Of course the protectionists will explain this away by claiming that the increases weren't enough and don't mean much.....until you look at pre-NAFTA wage increases decreases.
a pre-NAFTA comparison is in order. From 1984-1994, hourly wages for all workers rose 33.5%, while the CPI rose 42.2%, indicating a fall in real wages. The same happened for manufacturing jobs with hourly wages rising only 33%, well under the rise in prices. So it looks like workers did better in the years after NAFTA went into effect than before.
Isn't construction one of the industries where protectionists say wages are being driven lower since NAFTA (wage arbitrage) by the free traders? hmmmmmmm.....

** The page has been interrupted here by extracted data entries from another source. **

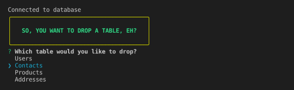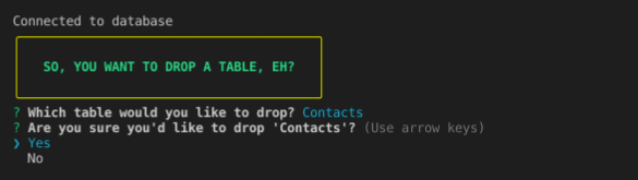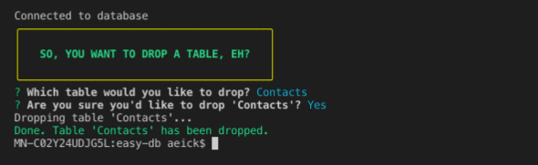 After you have select the table you want to drop and confirmed your selection, the CLI will execute the DROP TABLE command. Once finished, you will recieve confirmation from the CLI that the table has been dropped.
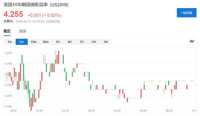 美债市场周二亚太时段变动不大,10年期收益率小幅上行0.1基点,报4.255%。
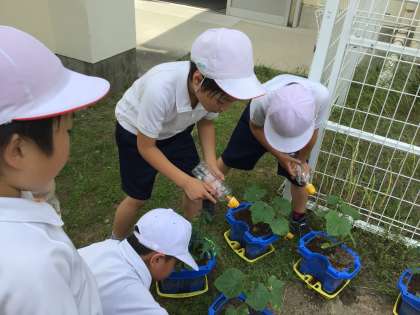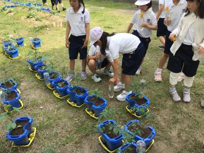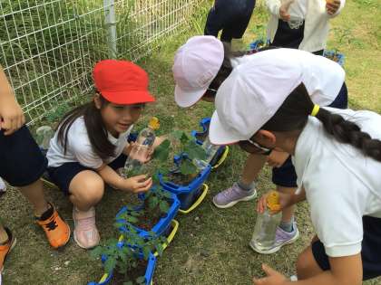 2年生が、野菜を育てています。
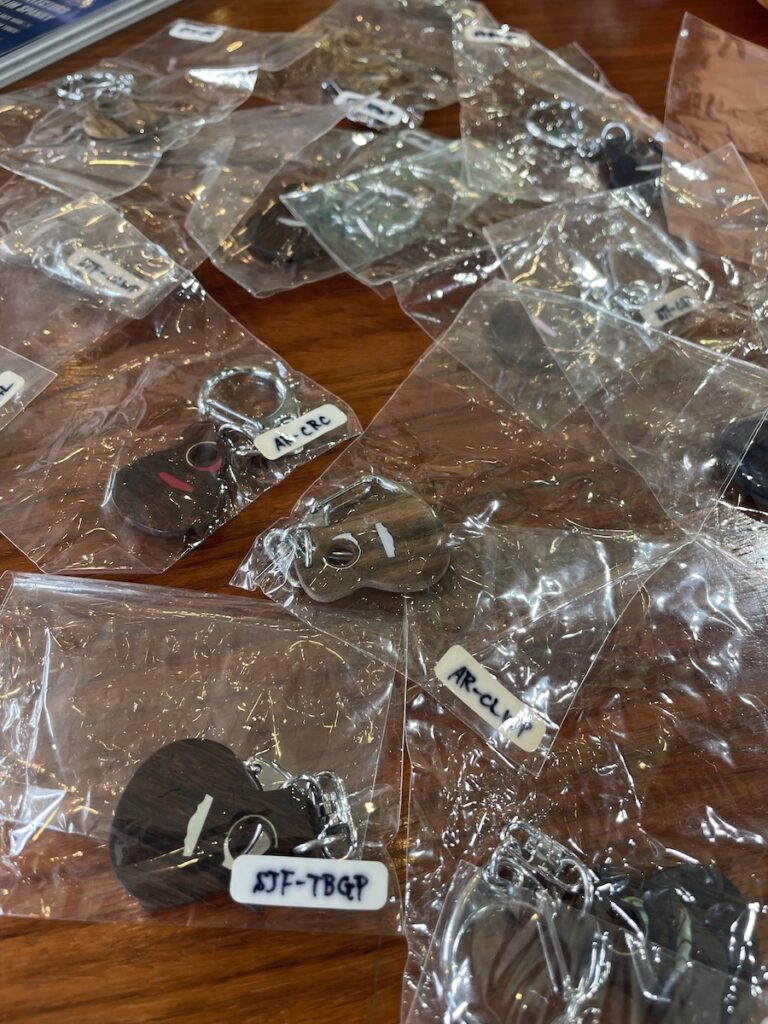 以前、Ogawa Inlay Craftの小川さんに製作していただいたキーホルダーも大好評でした。次回も何かしらの小物をご用意させていただこうかしら?!何がいいですかね・・・リクエストがあればお願い致します!
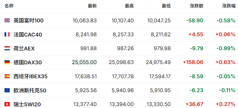 欧洲主要股指涨跌不一,截至发稿,英国富时100跌0.58%,法国CAC40涨0.06%,德国DAX30指数涨0.63%。
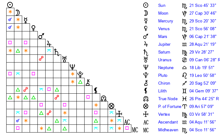 | Venus | 21 Scorpio 56 | 9 Scorpio 44 | 26 Aquarius 5 |

we gained about 2 million construction jobs from 1994-2004, which paid well. In 2004, the average hourly wage for construction workers was $19.23. Construction wages also showed real gains from 1994-2004 while showing losses in the 1984-94 pre-NAFTA period.
Quote: American products at WalMart are closer to 70%. I know, math is hard for you. Keep trying though.
You are dillusional. I'll raise that bet to $5000. I'm serious.
Textiles and Apparel:
Carolina Mills is a 75-year-old company that supplies thread, yarn, and textile finishing to apparel-makershalf of which supply Wal-Mart. But since 2000, Carolina Mills' customers have begun to find imported clothing sold so cheaply at Wal-Mart, that Carolina Mills could not compete even if they paid their workers nothing! Since 2000, Carolina Mills has shrunk from 17 factories to 7, and from 2,600 employees to 1,200. Steve Dobbins, the CEO of Carolina Mills, told the December issue of Fast-Company magazine: "People ask, 'How can it be bad for things to come into the U.S. cheaply? How can it be bad to have a bargain at Wal-Mart?' But you can't buy anything if you're not employed. We are shopping ourselves out of jobs".
Lovable Garments, which was founded in 1926, had, by the 1990s, become the sixth-largest producer of women's lingerie in the United States, employing 700 workers. Wal-Mart became the biggest purchaser of Lovable's goods; in 1995, Wal-Mart demanded that Lovable slash its prices to compete with cheap imports. When Lovable indicated it could not do that, Wal-Mart illegally reneged on its contract, and outsourced the lingerie production to Ibero-America, Asia, and China. Without the Wal-Mart market, in 1998 Lovable had to close its American manufacturing facilities and fire the workers. Stated Frank Garson, who was then Lovable's president, "Their actions to pulverize people are unnecessary. Wal-Mart chewed us up and spit us out."
Food:
Vlasic Pickles was roped into a contract with Wal-Mart, in which Wal-Mart sold a 3 gallon jar of whole pickles for $2.97. Wal-Mart sold 240,000 gallons of pickles per week. But the price of the 3 gallon jar was so low, that it vastly undercut Vlasic's sales of 8 ounce and 16 ounce jars of cut pickles; further, Vlasic only made a few pennies per 3 gallon jar. With its profits tumbling, Vlasic asked Wal-Mart for the right to raise the price per 3 gallon jar to $3.49, and according to a Vlasic executive, Wal-Mart threatened that if Vlasic tried to back out of this feature of the contract, Wal-Mart would cease carrying any Vlasic product. Eventually, a Wal-Mart executive said, "Well, we've done to pickles what we did to orange juice. We've killed it"meaning it had wiped out competitor products. Finally, it allowed Vlasic to raise prices; but in January 2001, Vlasic filed for bankruptcy.